In a statement released Wednesday, WHO Europe offered advice on how to navigate the holiday season as safely as possible while the virus continues to spread.
“It may feel awkward to wear masks and practice physical distancing when around friends and family, but doing so contributes significantly to ensuring that everyone remains safe and healthy,” the statement read.
The WHO said vulnerable people and elderly friends and family members “may find it very difficult to ask loved ones to stay away physically, regardless of the anxieties or concerns they may have.”
“Consider what others may be feeling and the difficult decisions they will be facing,” the statement said.
The WHO warned that indoor gatherings, even small ones, “can be especially risky because they bring together groups of people, young and old, from different households, who may not all be adhering to the same infection prevention measures.”
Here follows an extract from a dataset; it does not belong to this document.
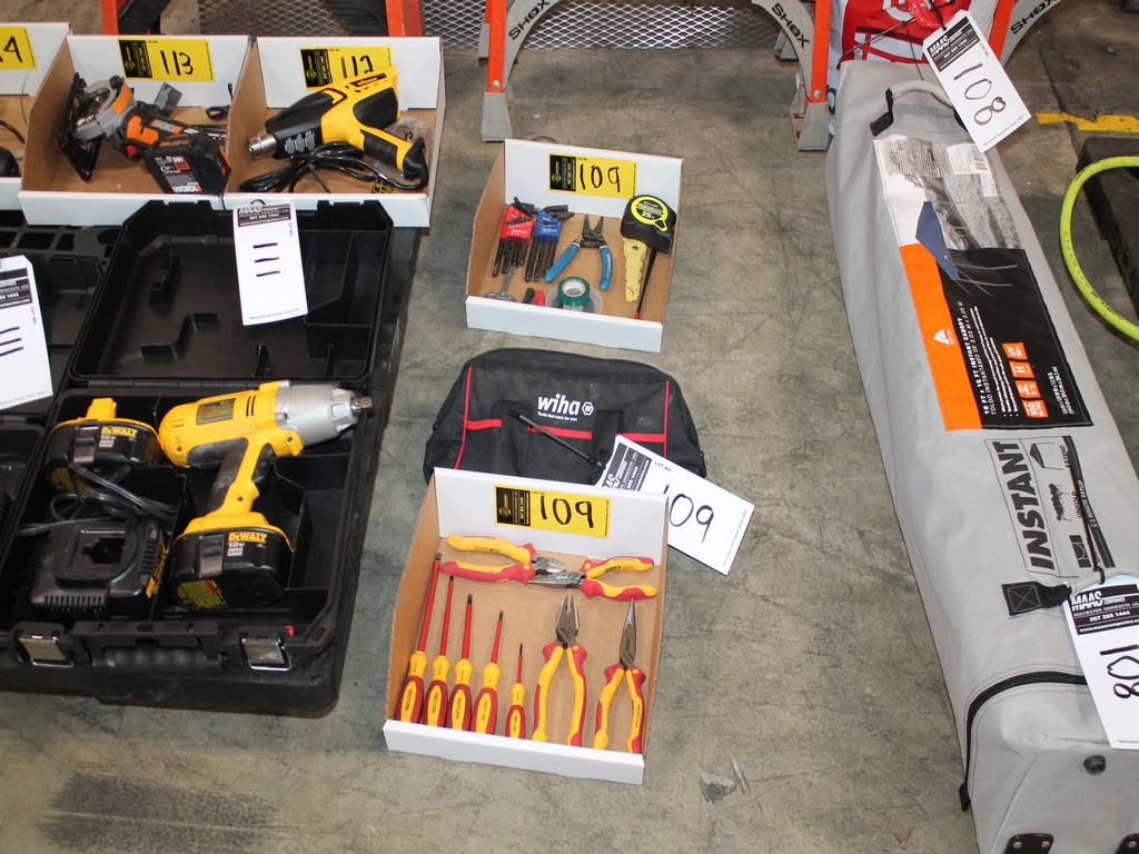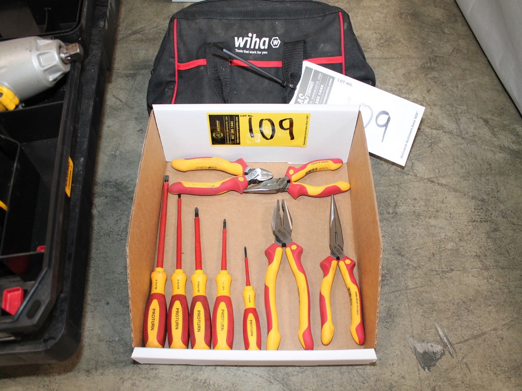 Consisting of but not limited to: Wiha Tool Bag with Miscellaneous Electricians Tools - Screwdrivers, Wire Stripper, Wire Cutter, Pliers, Allen Wrenches, 25' Tape Measure, Tape, etc.

Gatherings should be held outside where possible, and attendees should wear masks and maintain physical distancing, according to the WHO.
“If held indoors, limiting group size and ensuring good ventilation to reduce exposure risk are key,” the statement read.
What has Health Canada said?
Health Canada has issued its own recommendations for the holidays, urging Canadians to follow the advice from their local public health authorities.
“Check your personal risk level and the risk level of your immediate household,” the agency’s website said. “Consider whether the activities you’re planning to take part in are safe. If you’re planning on going out during the holidays or for a celebration, plan lower-risk activities.”
The agency said all Canadians should “show kindness and respect to others by following public health measures.”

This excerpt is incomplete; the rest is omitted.